Fig 1.
Overview of designing and building a custom instrument using the Multifluidic Evolutionary Component (MEC) system.
The instrument is designed by arranging MEC symbols on a schematic, then the schematic is used to guide the assembly of MEC “building blocks” into the finished instrument. For many applications involving manipulating fluids on the milliliter scale, the “off the shelf” macroMEC components (like the manual valve shown) are adequate for building complete instruments. For instruments that must manipulate fluids on the microliter or nanoliter scale, microMECs can be arranged into a micro-schematic (like the mixer chip shown), fabricated using conventional microfabrication techniques, packaged in a MEC shell, and plugged into the rest of the instrument.
Fig 2.
Design standard for the MEC system.
Standardized sizing and spacing allows MECs to be connected together in all three spatial dimensions, and interface points (circles) can be designed to allow fluid, electricity, or light to flow between MECs.
Fig 3.
Selected Multifluidic Evolutionary Components (MECs), including macroMECs that can be “clicked together” (A–D) and microMECs that are fabricated into microfluidic integrated components (E).
Fig 4.
Two integrated components, microfluidic chips containing several microMECs combined together and fabricated using soft lithography of PDMS (A) and wet etching of glass (B).

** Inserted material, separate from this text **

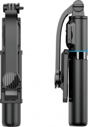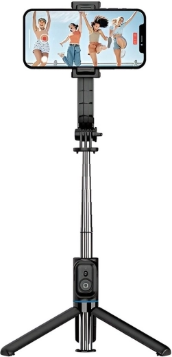 Selfie-stang med stativ X49 kombinerer æstetik og funktionalitet: den robuste konstruktion med stabil trefodsbase og et hoved med mulighed for præcis justering lodret og vandret sikrer skarpe optagelser uden rystelser. Den aftagelige Bluetooth-fjernbetjening gør det muligt at tage billeder og videoer på afstand – ideelt til solorejser og gruppefotos uden timer.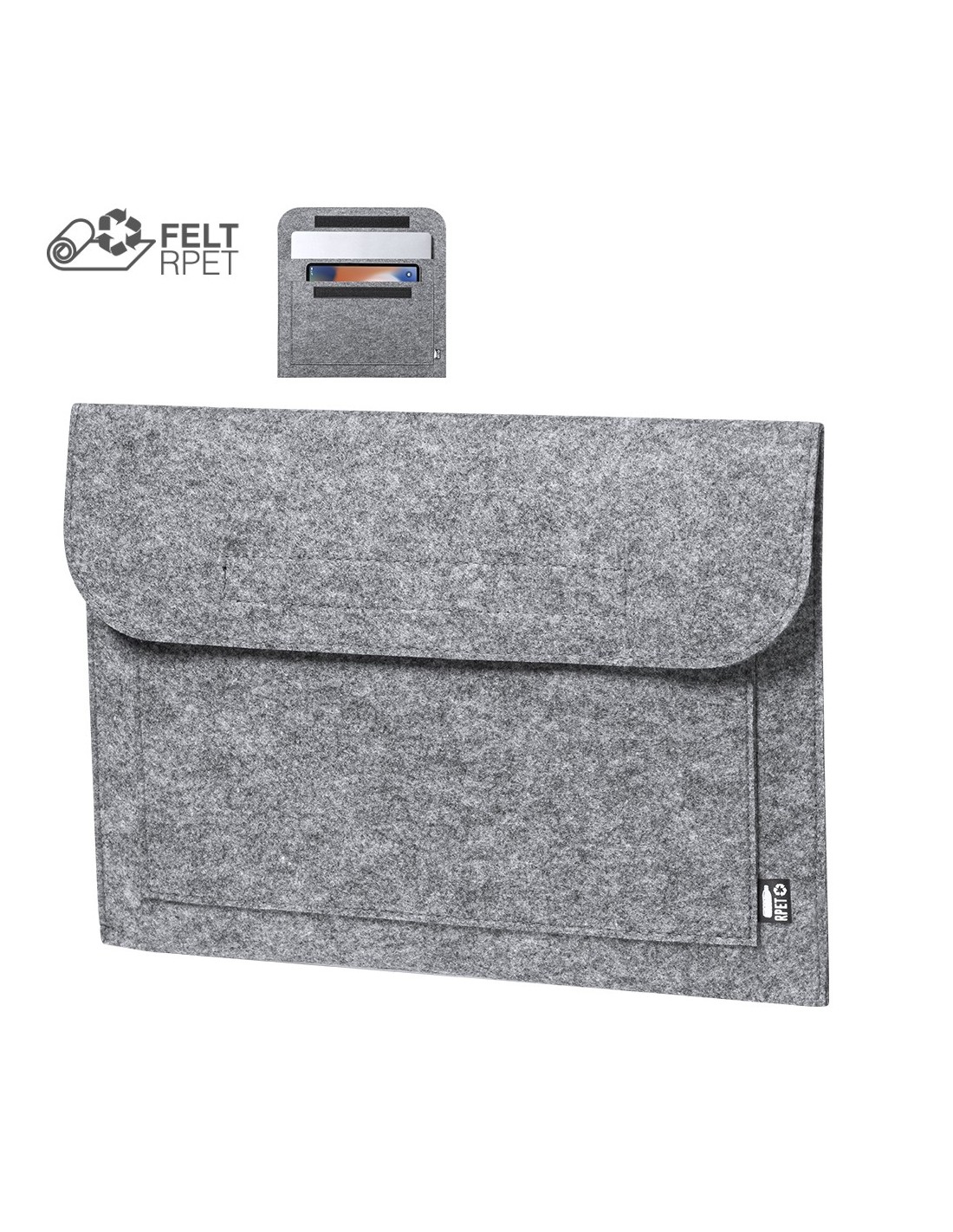 Funda para ordenador portátil de línea nature y en resistente fieltro RPET reciclado, fruto de la combinación del proceso de reciclaje de materiales plásticos junto con la técnica milenaria de fabricación del fieltro, dando como resultado un material de eco-tendencia que, además de ser de origen reciclado, también se convierte en reciclable. Solapa con cierres de velcro y bolsillo frontal, con distintivo RPET en etiqueta exterior.

The integrated components are packaged in a MEC-standard shell that plugs into the fluidic socket macroMECs (SA1-10 or SB1-20 in Fig 3A). By packaging a microfluidic chip in a MEC shell in this manner, virtually any microfluidic chip can be integrated into the MEC system.
Fig 5.
Three sample instruments built using the MEC system.
(A) A MEC-based multiscale fluidic router designed to mix fluids from nine different fluid storage MECs in volumes spanning five orders of magnitude (from 400 nanoliters to 10 milliliters). (B) A MEC-based acid-base titration instrument suitable for educational applications in classrooms. By toggling the manual valves SU1, SU2, and SV1, different ratios of water: sodium hydroxide solution: phenolphthalein are delivered to a microcentrifuge vial. The observed range of phenolphthalein colors (from clear in pure water to pink in 4.0 × 10−5 mass concentration NaOH) confirms the successful operation of the instrument. (C) A MEC-based bioreactor capable of culturing cells. The optical density macroMEC (OD1 in Fig 3B) measures the concentration (via optical density) of the cells as they grow and react to stimuli. (D) A growth curve obtained by using the bioreactor in C to culture Saccharomyces cerevisiae yeast cells. The bioreactor is sensitive enough to detect important metabolic checkpoints in the growing yeast, including the diauxic shift (when the yeast cells switch from glycolysis to the aerobic oxidation of ethanol) and the entry into G0 (when the yeast cells exhaust all nutrients and enter stationary phase).